__Task objective__. Working from the data below, write out exactly the lines from its first through the line that contains "Đây là bản xem", both ends included and pictures omitted.
Top of Material for this task
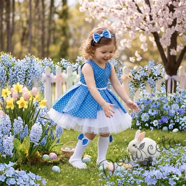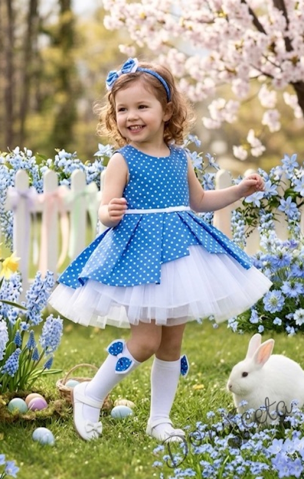 - Много красива детска официална рокля с богат тюл в синьо на точки.
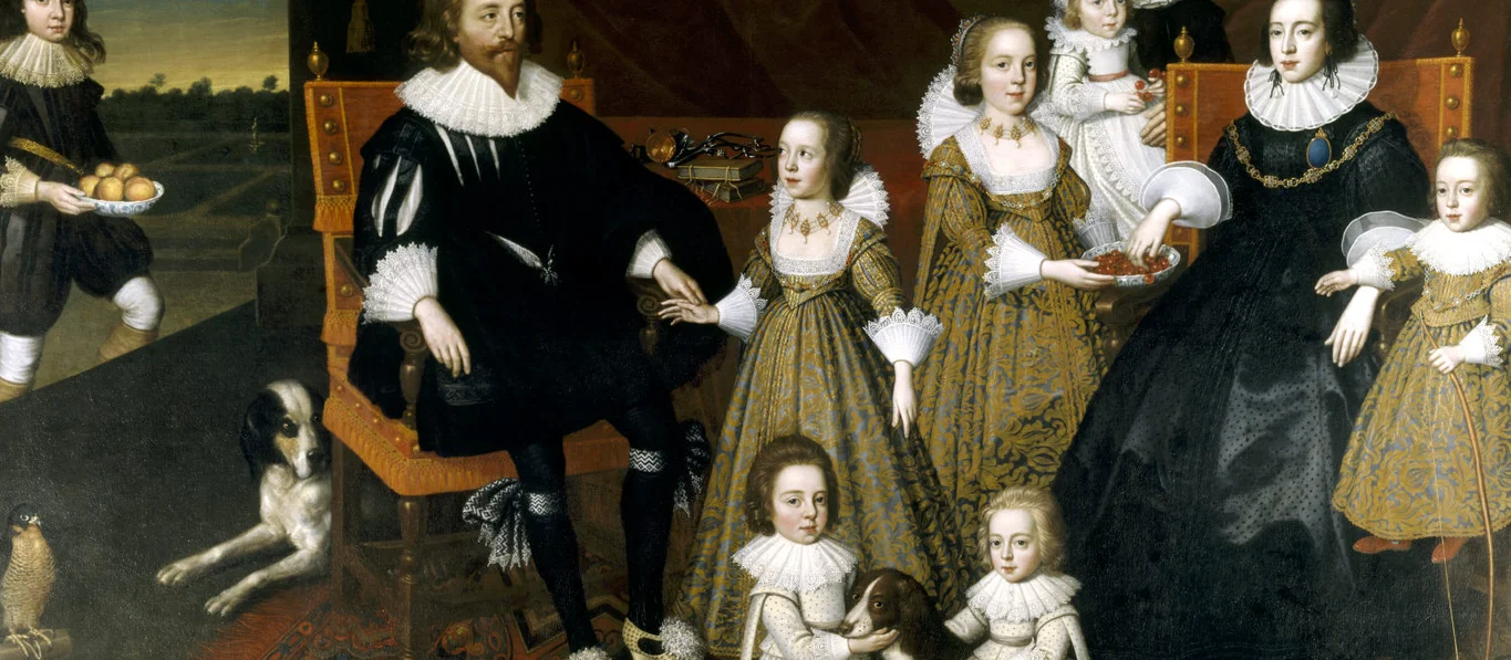 By the time the Lucy children reached adulthood the country would be torn apart by Civil War. Sir Thomas died in 1640 and so did not witness the turmoil. His eldest son Spencer, the boy carrying a bowl of peaches in the family picture, fought at Edgehill, the first battle in October 1642. He became a colonel in King Charles’ army.
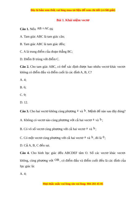 Đây là bản xem th , vu ử i lòng mua tài li u ệ đ xe ể m chi ti t ế (có l i ờ gi i ả ) Bài 1. Khái ni m ệ vectơ Câu 1. N u ế AB A C thì
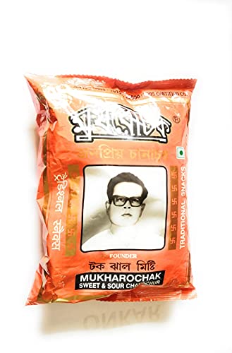 Mukharochak presents Bengal's most favorite snack - chanachur in a sweet and sour flavor. The name says it all. You have got to try it to believe in its electrifying taste. This crispy delight is a perfect combination of various tastes. It's a bit sweet a bit sour and a bit hot and spicy-all the tastes perfectly blended to give it a mystical flavor of its own. A zero percent cholesterol product without any artificial colors flavors or preservatives.
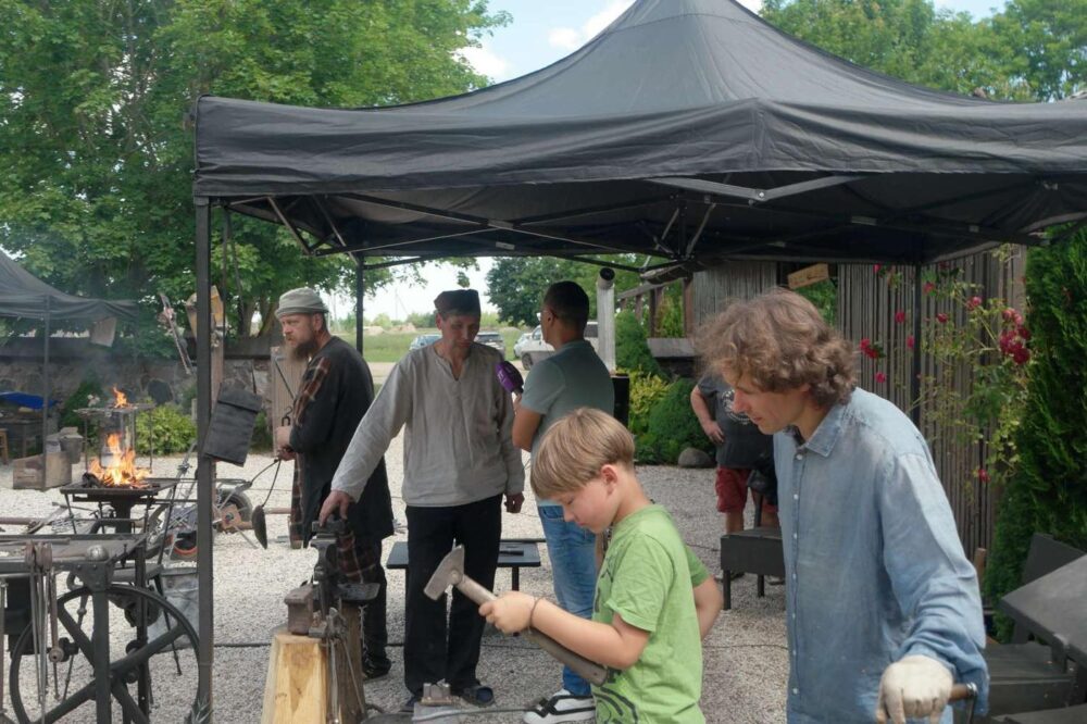 XIV meninės kalvystės ir šamoto skulptūrų kūrybinės stovykla ir akvarelės pleneras ,,Užventis MENE’23” šiemet Užvenčio dvaro malūne vyko liepos 10 – 14 dienomis. Renginio pradžioje žiūrovus pasitiko atverta jungtinė dalyvių kūrinių paroda ,,Anī tor kon pasakītė“, į kurią buvo iš anksto atrinki darbai, menininkų sukurti iki stovyklos: kalviškos žvakidės, lempos, vėtrungės, kryžiai, dekoratyvinės skulptūros ir puošybiniai elementai, akvarelės ir tapybos kūriniai, keramikos dekoratyvios skulptūros. O šventės baigtuvių proga ši paroda buvo atnaujinta stovyklos metu sukurtais kūriniais.
Bottom of Material for this task
__Response box__.
 - Много красива детска официална рокля с богат тюл в синьо на точки.
 By the time the Lucy children reached adulthood the country would be torn apart by Civil War. Sir Thomas died in 1640 and so did not witness the turmoil. His eldest son Spencer, the boy carrying a bowl of peaches in the family picture, fought at Edgehill, the first battle in October 1642. He became a colonel in King Charles’ army.
 Đây là bản xem th , vu ử i lòng mua tài li u ệ đ xe ể m chi ti t ế (có l i ờ gi i ả ) Bài 1. Khái ni m ệ vectơ Câu 1. N u ế AB A C thì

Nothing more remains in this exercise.